Вот так вот, немая сцена. Правда, бандерша быстро спохватывается.
– Таки ето невозможно, господин официер! Она… не отработала свой долг! А ето ишо… двадцать рублёв!..
Долг, говоришь? У маленькой девчонки? Перед содержательницей притона?.. А-га, щас! Небольшой шаг вперед, слегка наклоняюсь, стараясь не дышать исходящими кухонными ароматами, к которым присоединился еще и запах пота, говорю негромко, чтобы слышала только она и ее «секьюрити»:
– Ты так дешево ценишь свою жизнь, старая сволочь? Только вот пикни еще что-нибудь, я устрою тебе похороны на всю сумму… Тридцать рублей! Всё!

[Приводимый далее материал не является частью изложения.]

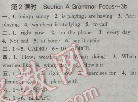 [七下] 人教版七年級(jí)下冊(cè)英語課時(shí)作業(yè)本Unit 7 第2課時(shí)SectionA答案

Подручный «пролетарий» пытается вклиниться между нами, затем, наклонясь, тянется к голенищу, где, скорее всего, что-то спрятано. Демонстративно перехватываю ножны левой рукой, чтобы удобней достать шашку, и смотрю ему прямо в глаза. Тот, все поняв, замирает, потом медленно выпрямляется. Достаю из кармана портмоне, вынимаю купюры и якобы нечаянно роняю их на землю.
– Деньги теперь твои. Девочка теперь моя.
Никто не возражает и не шевелится. Поворачиваюсь, беру в свою руку маленькую ладошку. Если этот придурок все-таки возьмется за нож, услышу, и пусть потом не обижается. За железку хвататься «пролетарий» побоялся, только прошипел сквозь зубы обычную блатную страшилку:
– Еще встретимся, фрайер. Кокну пером, будет тебе амба и ша…
Никогда не был знатоком воровского жаргона, но кто сказал, что солдатский диалект русского языка девяностых годов двадцатого века сильно от него отличается?